A single qualitative study can show same findings as years of quantitative research: Obstructive Sleep Apnea as an example

Howard Tandeter, Yael Hershkovitz, Lea Kacen Kacen


Many years of quantitative research led to our present knowledge of the symptoms and associated features (S&AF) of the obstructive sleep apnoea (OSA) syndrome.

1. To prove that a qualitative research approach may identify symptoms and associated features of OSA in less time/effort than that used in a quantitative approach.
2. To describe the experience of patients with OSA and the effects of the syndrome on their quality of life and that of their spouses and families (issues that quantitative methods fail to recognize).

We used a narrative inquiry methodology (qualitative research). The sample was selected using the “snowball sampling technique";;;. The sample included 10 patients with moderate to severe OSA who had good adherence to CPAP and significant clinical improvement after treatment, and 3 of the patient’s spouses.
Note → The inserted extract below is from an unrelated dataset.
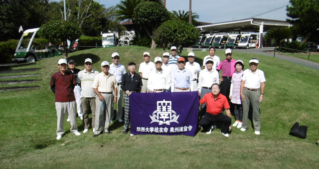 9月27日、快晴の岬カントリー、学歌流れるパター練習グリーンにメンバー全員集合。泉州連合会(吉田常佳会長)第3回ゴルフコンペが開催された。

The following issues were identified: A long pre-diagnosis phase of OSA (20 years in one of the patients); Characteristic S&AF of the syndrome as experienced by patients and their spouses; The need for increased awareness of both the public and the medical establishment in regards to this disorder; Premature ejaculation (not reported previously) and nightmares (non-conclusive in the literature) were identified and improved with CPAP therapy.

With the use of quantitative research methods it took decades to discover things that we found in one simple qualitative study. We therefore urge scientists to use more often these qualitative methods when looking for S&AF of diseases and syndromes.